Stored entries:
•••••

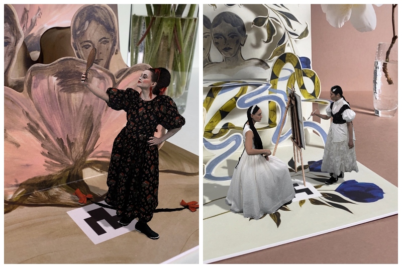 Bu dijital deneyim, sınırlı sayıda üretilmiş, Simone Rocha x H&M kampanyasında da yer alan İngiliz ressam Faye Wei Wei’yle ortak çalışma sonucu yaratılan çok güzel bir kitap vasıtasıyla gerçekleştirildi. (Rocha’nın sanatçılar ve imaj yaratıcılarıyla basılı malzeme yaratma geçmişine bir selam niteliğinde). Wei Wei’ nin beş farklı karmaşık resmi kitapta yer alıyor ve Simone Rocha x H&M koleksiyonunu AR’da modelleyebilmek için QR kodlarıyla sayfada hayat bulan bir grup yetenekli insanın karakterlerinden oluşan pop-up fonlar olarak hizmet ediyorlar.
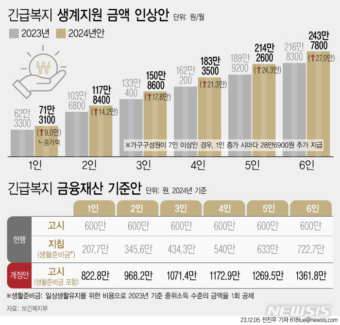 [서울=뉴시스] 5일 보건복지부에 따르면 실직이나 휴·폐업, 중대 질병·부상 등으로 생계를 유지하기 어렵게 된 저소득층에 일시적으로 생계를 지원하는 긴급복지 생계지원금이 내년에 4인 가구 기준 162만원에서 183만원으로 약 21만원(13.16%) 인상된다. (그래픽=전진우 기자) [email protected]
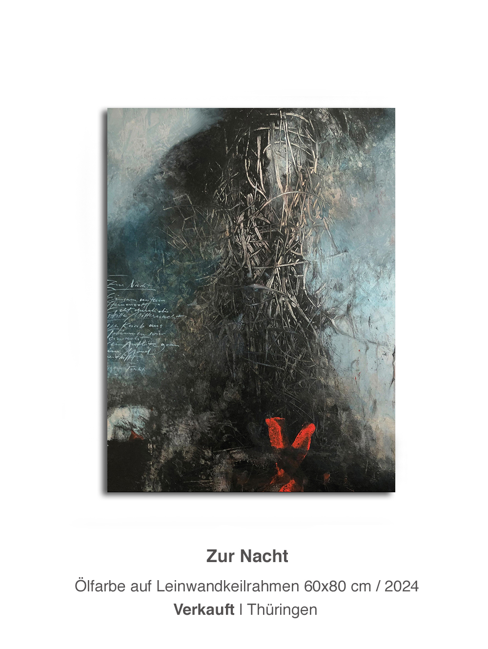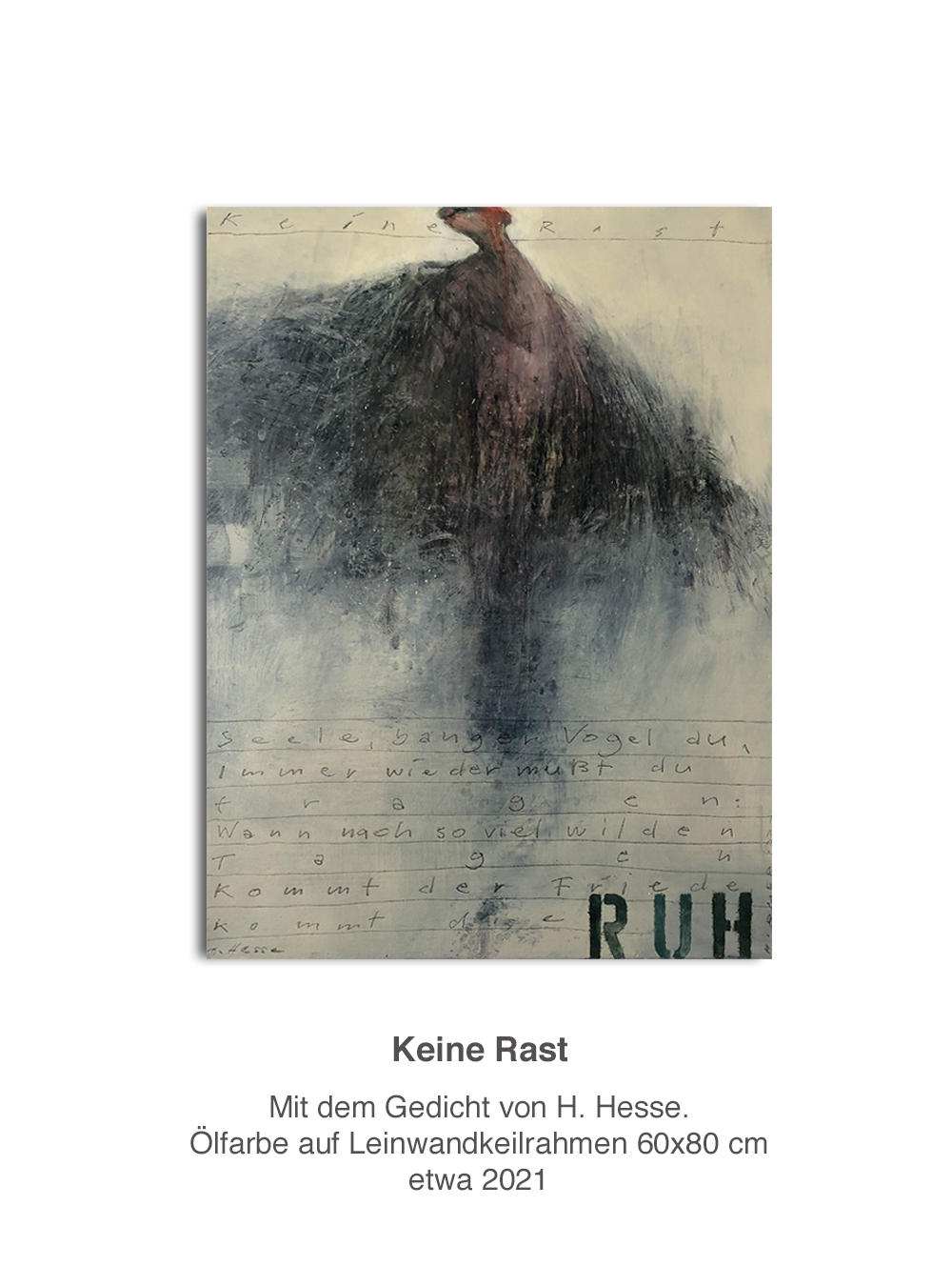 An diesem Bild habe ich mit Unterbrechung etwa ein halbes Jahr gearbeitet bis die Farbschichten sich so transparent überlagern wie sie es hier sehen. Das Bild ist zu dem gleichnamigen Gedicht von M. Kaléko.
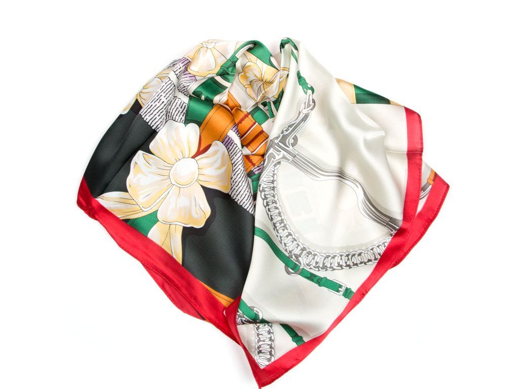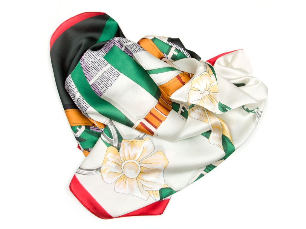 Dámska šatka v béžovej farbe s motívom. Šatku je možné nosiť klasicky na krku, skvele však bude vyzerať aj na kabelke či vo vlasoch.
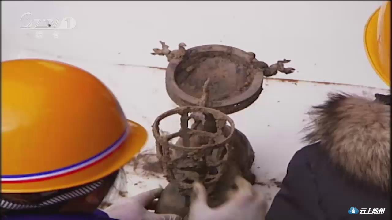 【采访】随州博物馆馆长 黄建勋:我身旁的这个提链壶是上个世纪90年代,在东风油库发掘出土的一件非常珍贵的艺术价值非常高的器物,这件器物应该是曾侯戉阝墓出土的,这件器物的特点是艺术价值非常高,它上面提链的造型非常精致,腹部和颈部的花纹是一圈的龙纹,一圈凤纹交叉铸造的,而且龙纹和凤纹里面还填漆,它的制作艺术价值非常高,而且还有铭文,叫曾仲姬提链壶 ,这是我们整个义地岗出土的精品文物中具有代表性的一件青铜器皿。
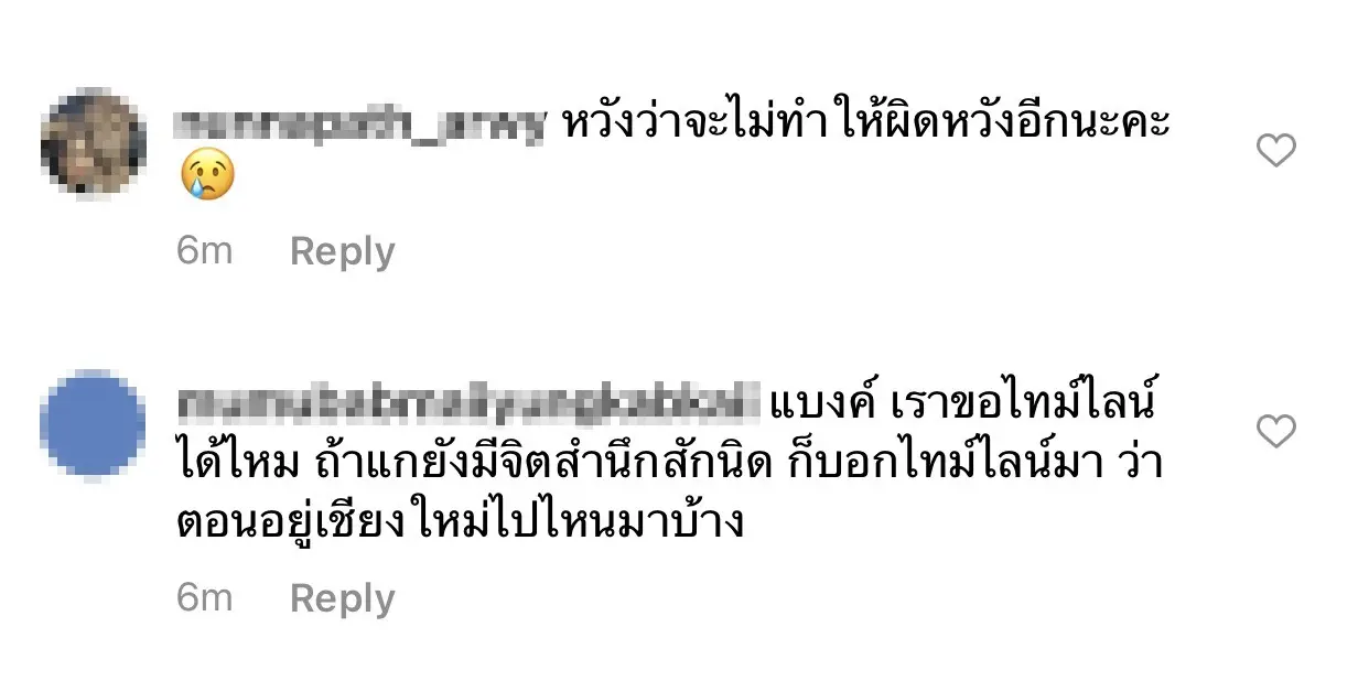 อย่างไรก็ตาม ชาวเน็ตยังคงไม่พอใจกับการเปิดเผยไทม์ไลน์ของแบงค์ ซึ่งยังคงมีหลายๆคนที่อยากทราบไทม์ไลน์อย่างละเอียดถี่ถ้วนของแบงค์ ขณะอยู่ที่จังหวัดเชียงใหม่ จึงได้มีการเข้าไปคอมเมนต์ถามแบงค์ว่า “แบงค์ เราขอไทม์ไลน์ได้ไหม ถ้าแกยังมีจิตสำนึกสักนิด ก็บอกไทม์ไลน์มาว่าตอนอยู่เชียงใหม่ไปไหนมาบ้าง”

•••••

◆ Your task
Write out all of the records above. Keep them exact and leave out the pictures.

◆ Solved problem
 Bu dijital deneyim, sınırlı sayıda üretilmiş, Simone Rocha x H&M kampanyasında da yer alan İngiliz ressam Faye Wei Wei’yle ortak çalışma sonucu yaratılan çok güzel bir kitap vasıtasıyla gerçekleştirildi. (Rocha’nın sanatçılar ve imaj yaratıcılarıyla basılı malzeme yaratma geçmişine bir selam niteliğinde). Wei Wei’ nin beş farklı karmaşık resmi kitapta yer alıyor ve Simone Rocha x H&M koleksiyonunu AR’da modelleyebilmek için QR kodlarıyla sayfada hayat bulan bir grup yetenekli insanın karakterlerinden oluşan pop-up fonlar olarak hizmet ediyorlar.
 [서울=뉴시스] 5일 보건복지부에 따르면 실직이나 휴·폐업, 중대 질병·부상 등으로 생계를 유지하기 어렵게 된 저소득층에 일시적으로 생계를 지원하는 긴급복지 생계지원금이 내년에 4인 가구 기준 162만원에서 183만원으로 약 21만원(13.16%) 인상된다. (그래픽=전진우 기자) [email protected]
 An diesem Bild habe ich mit Unterbrechung etwa ein halbes Jahr gearbeitet bis die Farbschichten sich so transparent überlagern wie sie es hier sehen. Das Bild ist zu dem gleichnamigen Gedicht von M. Kaléko.
 Dámska šatka v béžovej farbe s motívom. Šatku je možné nosiť klasicky na krku, skvele však bude vyzerať aj na kabelke či vo vlasoch.
 【采访】随州博物馆馆长 黄建勋:我身旁的这个提链壶是上个世纪90年代,在东风油库发掘出土的一件非常珍贵的艺术价值非常高的器物,这件器物应该是曾侯戉阝墓出土的,这件器物的特点是艺术价值非常高,它上面提链的造型非常精致,腹部和颈部的花纹是一圈的龙纹,一圈凤纹交叉铸造的,而且龙纹和凤纹里面还填漆,它的制作艺术价值非常高,而且还有铭文,叫曾仲姬提链壶 ,这是我们整个义地岗出土的精品文物中具有代表性的一件青铜器皿。
 อย่างไรก็ตาม ชาวเน็ตยังคงไม่พอใจกับการเปิดเผยไทม์ไลน์ของแบงค์ ซึ่งยังคงมีหลายๆคนที่อยากทราบไทม์ไลน์อย่างละเอียดถี่ถ้วนของแบงค์ ขณะอยู่ที่จังหวัดเชียงใหม่ จึงได้มีการเข้าไปคอมเมนต์ถามแบงค์ว่า “แบงค์ เราขอไทม์ไลน์ได้ไหม ถ้าแกยังมีจิตสำนึกสักนิด ก็บอกไทม์ไลน์มาว่าตอนอยู่เชียงใหม่ไปไหนมาบ้าง”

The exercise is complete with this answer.